Susannah Ticciati …. Professor of Christian Theology at King’s College London. She is author of Reading Augustine: On Signs, Christ, Truth and the Interpretation of Scripture (2022), A New Apophaticism: Augustine and the Redemption of Signs (2013), and Job and the Disruption of Identity: Reading beyond Barth (2005).

Denys Turner, formerly Horace Tracy Pitkin Professor at Yale University and Norris-Hulse Professor at Cambridge University, is now …. retired …. The Darkness of God, Julian of Norwich, Theologian, Thomas Aquinas, a Portrait, being among them, and forthcoming with Cambridge, Dante the Theologian….

Andre C. Willis …. Associate Professor of Religious Studies at Brown University…. He is the author of Towards a Humean True Religion (2015) and is currently working on a manuscript about African American religion and politics that is tentatively titled Afro-theisms and Post-democracy. He has published …. Hume Studies, Journal of Scottish Philosophy, Political Theology, Critical Philosophy of Race, and Radical America.

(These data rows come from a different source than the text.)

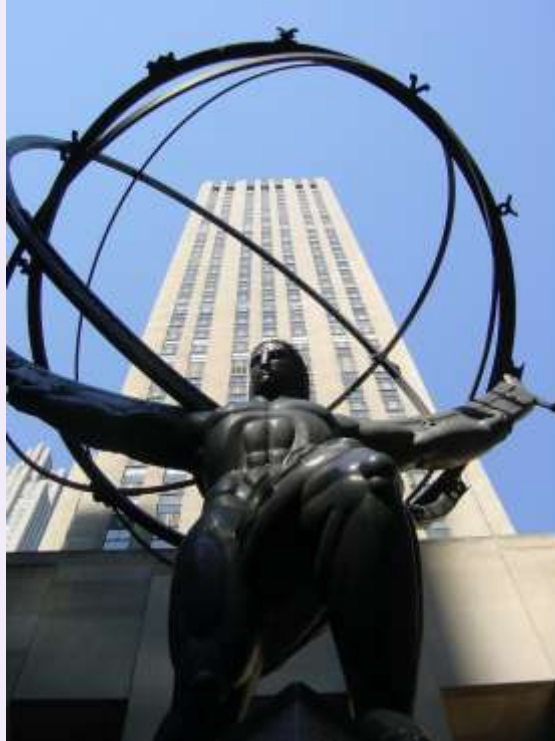
Atlas Statue, New York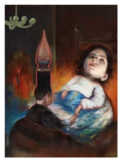
Time 22:47 Acrylic, oil on canvas 60 x 45 cm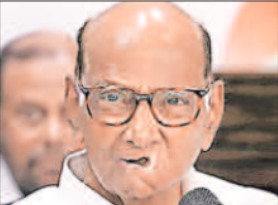
NCP-SP chief Sharad Pawar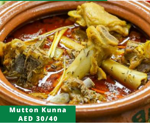
Mutton Kunna AED 30/40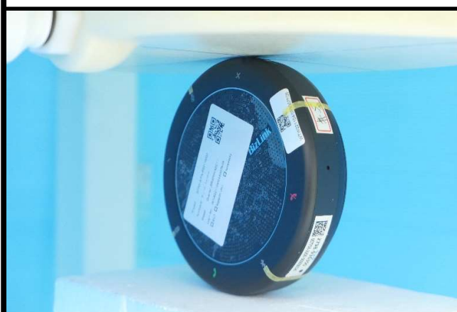
Two o'clock of the Right Curve of EUT Tested at 0 mm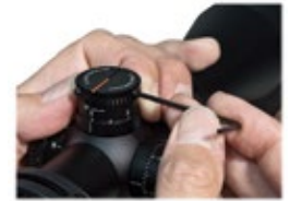
Align the elevation turret cap.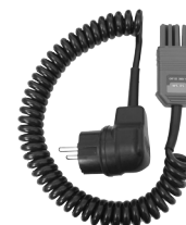
WS-05 adapter with UNI-SCHUKO angular plug WAADAWS05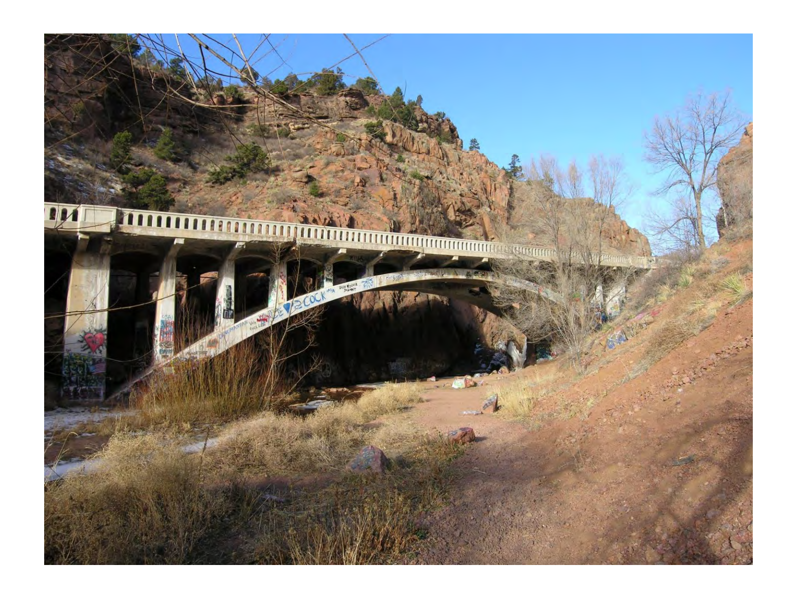
Fountain Creek Bridge, El Paso County, US Highway 24, Concrete Two Rib Open Spandrel Arch

One example of the departure from simplistic “God! Alive or Dead? True or False?” style of argument is Devin Singh’s chapter, “Atheism and Politics: Abandonment, Absence, and the Empty Throne”. Singh’s analysis of the meaning of the ascension of Christ, or the departure of Jesus from those who remain on earth, at times reminded me of one particular interpretation of the earliest of the canonical gospels, the Gospel of Mark, that reads it as a message for Christians who are living in a time of abandonment, in the absence of their Saviour. But Singh’s interpretation of the core of Christian theology goes one step further than that by insisting that the absence of Christ lies at the very “heart of Christian thought”. Attempts to create the sense of Christ’s presence are illusions: talk of ineffable glory, for example, masks the reality of absence, as does talk of the presence of the Holy Spirit. Such concepts are coping mechanisms for the reality that Jesus is not with us. What follows from such a theological viewpoint is the idea that Christ’s representatives on earth have a responsibility to rule or influence rulers on His behalf pending His return. But why the delay — a delay that allows for all kinds of evil while waiting for the “good and just” God to intervene? Enter “protest atheism”.

“Protest atheism” takes the Christian claims about a good and just God on their own terms and turns them against the church. But Singh speaks of an “ascension atheism” by way of contrast:

. . . protest atheism reveals the true kernel for Christian theology after ascension. It is a theology that must assert and embrace the absent and missing Christ, and as such accepts its theological operation as an empty, broken fragment of a lost dream. In this sense it does not remain as protest, for it recognizes that the protest emerges from an expectation of arrival, a desire for manifestation. Protest atheism, on the one hand, believes too faithfully in the hiddenness of the righteous king, and shakes its fist at the absent God who refuses to appear, particularly among the poor and excluded.

Ascension atheism, on the other hand, moves past this righteous, justified, and understandable protest to a form of contrite acceptance. Facing the trauma of abandonment, it acknowledges the absurdity of the denial and cover up that is the very history of Christian theology and ecclesial tradition. . . . .

. . . ascension atheism suggests that there is no sovereign at all. (p. 146)

Furey summarizes Singh’s conclusion as denying the difference between atheism and theism,

focusing instead on the political implications of [Jesus’] tarrying: rather than hailing Christ as king of kings, Christians must realize that “all kings are dead and gone and that we have kept their myths alive too long.”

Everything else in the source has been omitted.